Thursday, November 1, 2012

Hot off the press - my new book!


I am excited to share with you the publication of my second book, Moods of Motherhood, just in time to mark the second birthday of Dreaming Aloud. 

Hurray for me, hurray for you - so glad you're here, dearest dreamers!

So what about this book, Lucy, I hear you ask, what's it about???

Well, dear reader, it is a compilation of my best-loved posts on motherhood from Dreaming Aloud, my columns from JUNO magazine and many new pieces, never before published. This is a book full of my trademark searing honesty and raw emotions. It will make you laugh and cry - wherever on your mothering journey you may be.

Topics include: tenderness, pregnancy and birth, happy days, anger and fierceness, playfulness, love, patience, homemaking and much, much more... it is illustrated throughout with beautiful black and white photographs.

I really wanted to put all the glory stuff that I have written about motherhood into one place, so that you can hold me in your hands, so that you can snuggle up with all the best bits in the cosy warmth of your bed, rather than the cold blue light of your computer screen.

I have put it together by topic so that you can dip in and out, wherever you are in your mothering journey. Pick it up for wisdom, reassurance, a laugh, some empathy. Take me to the park in your bag, keep me by your bed, or on your bookshelf... what a funny concept! See a review here and here.
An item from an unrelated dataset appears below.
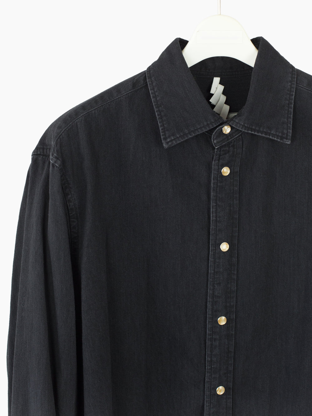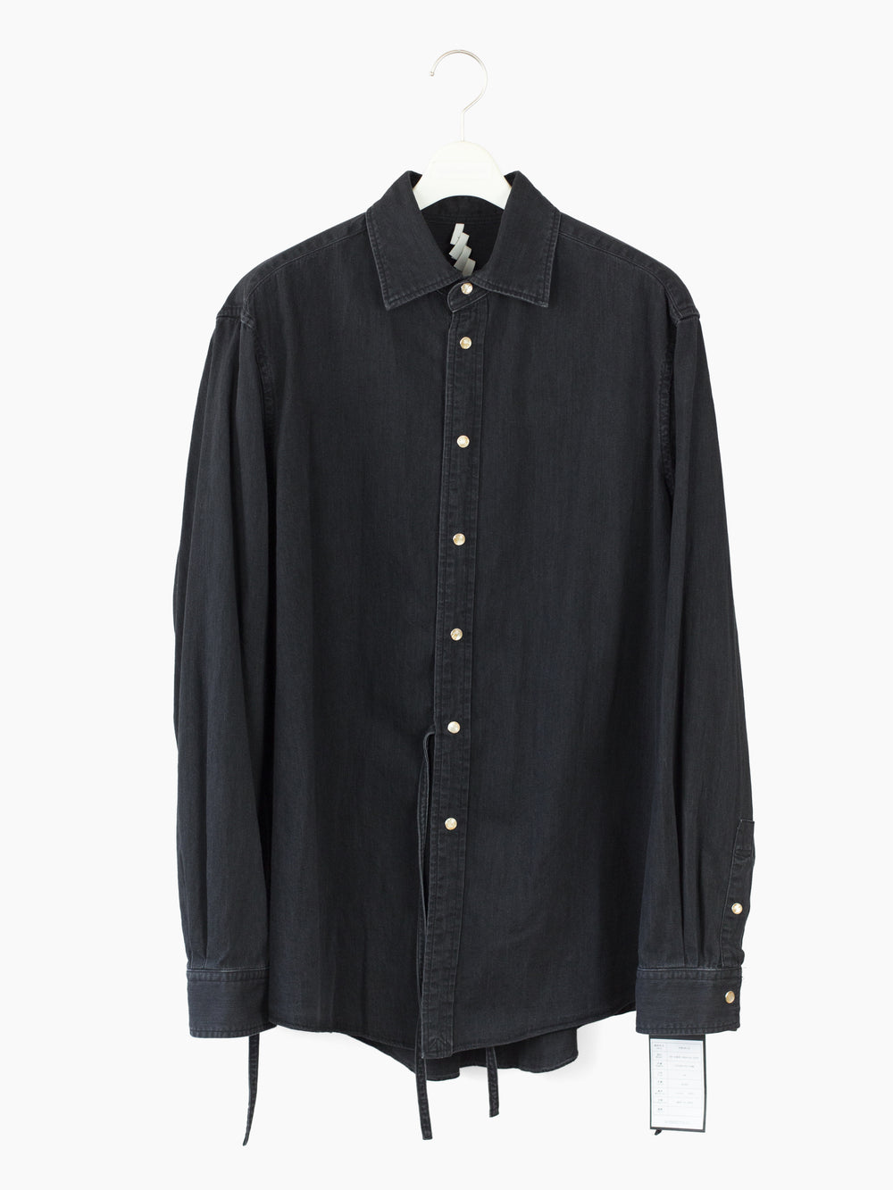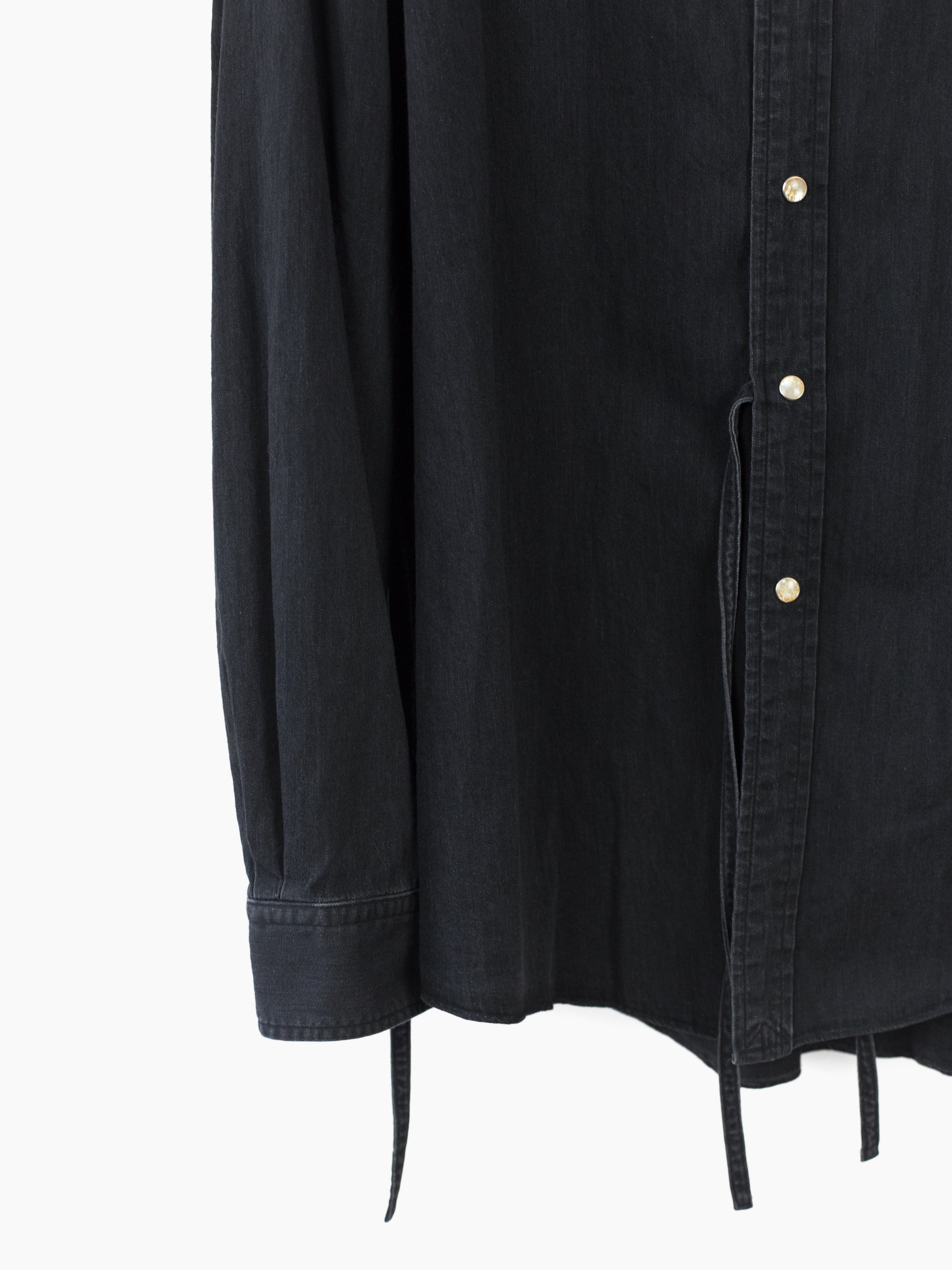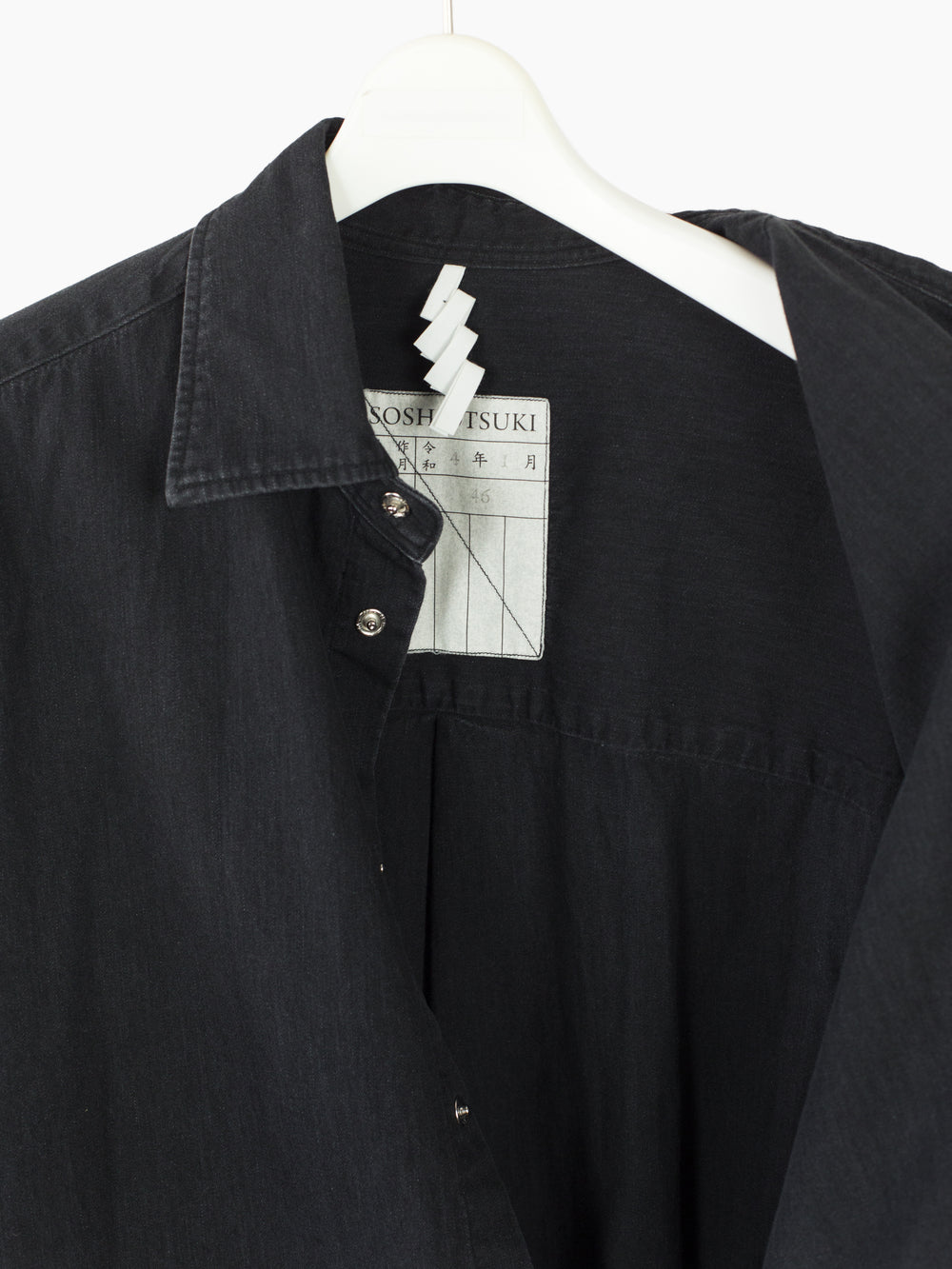 Soshiotsuki's signature Kimono-breasted shirt, this season cut in a worn-in lightweight 6oz denim, featuring two different front closures: a pearl snap center front closure and wrapover kimono closure with alternating inside-outside string ties at both sides. The ties open up multiple ways of wearing--half-open or fully wrapped up, there are a wealth of possibilities.

Perhaps you have a friend or sister who isn't into blogs, but you wanted to share Dreaming Aloud with her... well now you can!

You can buy it from me at The Happy Womb - all copies are signed and come with one of my brand new bookmarks! It is also available in Kindle and Paperback from Amazon.com and Amazon.co.uk. Please do leave me a review on Amazon!

Let me share with you the introduction...
My grandmother always said: “You are your baby’s weather.” How true that is! There is nothing more remarkable about the act of mothering than the changing moods. The weather of motherhood can seemingly alter from moment to moment, day to day, a rollercoaster of emotions stronger than one has ever experienced before. The stakes, after all, are far higher than anything we have ever played for before: the very life, health and happiness of a creature that is our own flesh and blood.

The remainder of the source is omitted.